INSTRUCTIONS TO FOLLOW
Under this line are the records; repeat exactly the lines starting at the one containing "1、采用獨(dú)特的人工轉" and ending at the one containing "2016年,上海紅箭自動化設備有限公司為上海市慈善基金會捐款 2016", omitting pictures.

RECORDS
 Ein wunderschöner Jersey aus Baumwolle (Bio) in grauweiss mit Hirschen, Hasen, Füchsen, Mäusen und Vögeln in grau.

--

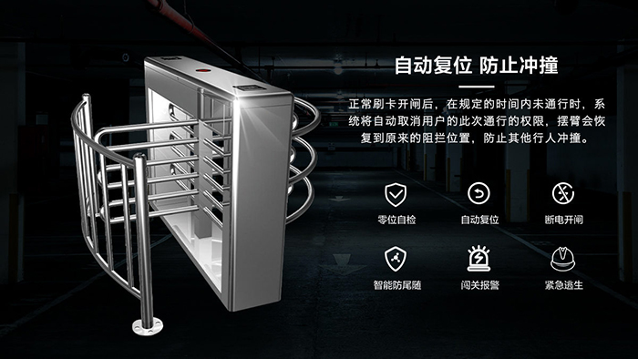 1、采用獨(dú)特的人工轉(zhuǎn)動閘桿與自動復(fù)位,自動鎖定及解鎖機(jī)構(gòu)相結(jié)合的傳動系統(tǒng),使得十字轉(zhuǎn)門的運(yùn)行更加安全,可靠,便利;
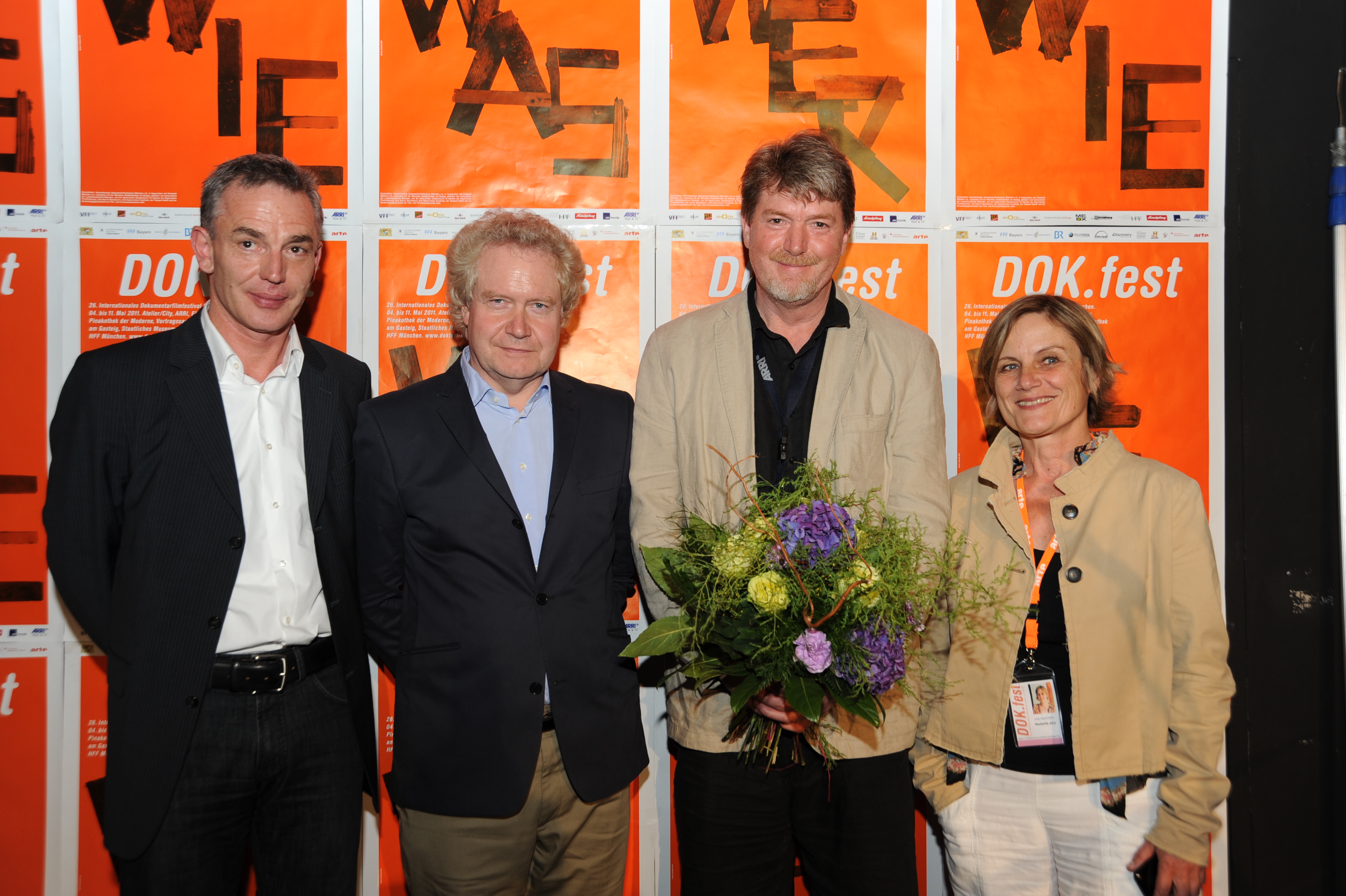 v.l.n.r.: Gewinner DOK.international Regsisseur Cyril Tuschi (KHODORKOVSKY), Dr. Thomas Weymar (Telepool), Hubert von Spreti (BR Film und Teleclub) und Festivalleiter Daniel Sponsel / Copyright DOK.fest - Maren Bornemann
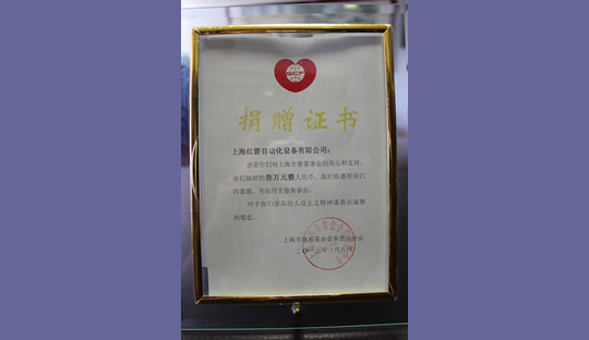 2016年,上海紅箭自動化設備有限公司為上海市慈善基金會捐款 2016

EXERCISE OUTPUT
 1、采用獨(dú)特的人工轉(zhuǎn)動閘桿與自動復(fù)位,自動鎖定及解鎖機(jī)構(gòu)相結(jié)合的傳動系統(tǒng),使得十字轉(zhuǎn)門的運(yùn)行更加安全,可靠,便利;
 v.l.n.r.: Gewinner DOK.international Regsisseur Cyril Tuschi (KHODORKOVSKY), Dr. Thomas Weymar (Telepool), Hubert von Spreti (BR Film und Teleclub) und Festivalleiter Daniel Sponsel / Copyright DOK.fest - Maren Bornemann
 2016年,上海紅箭自動化設備有限公司為上海市慈善基金會捐款 2016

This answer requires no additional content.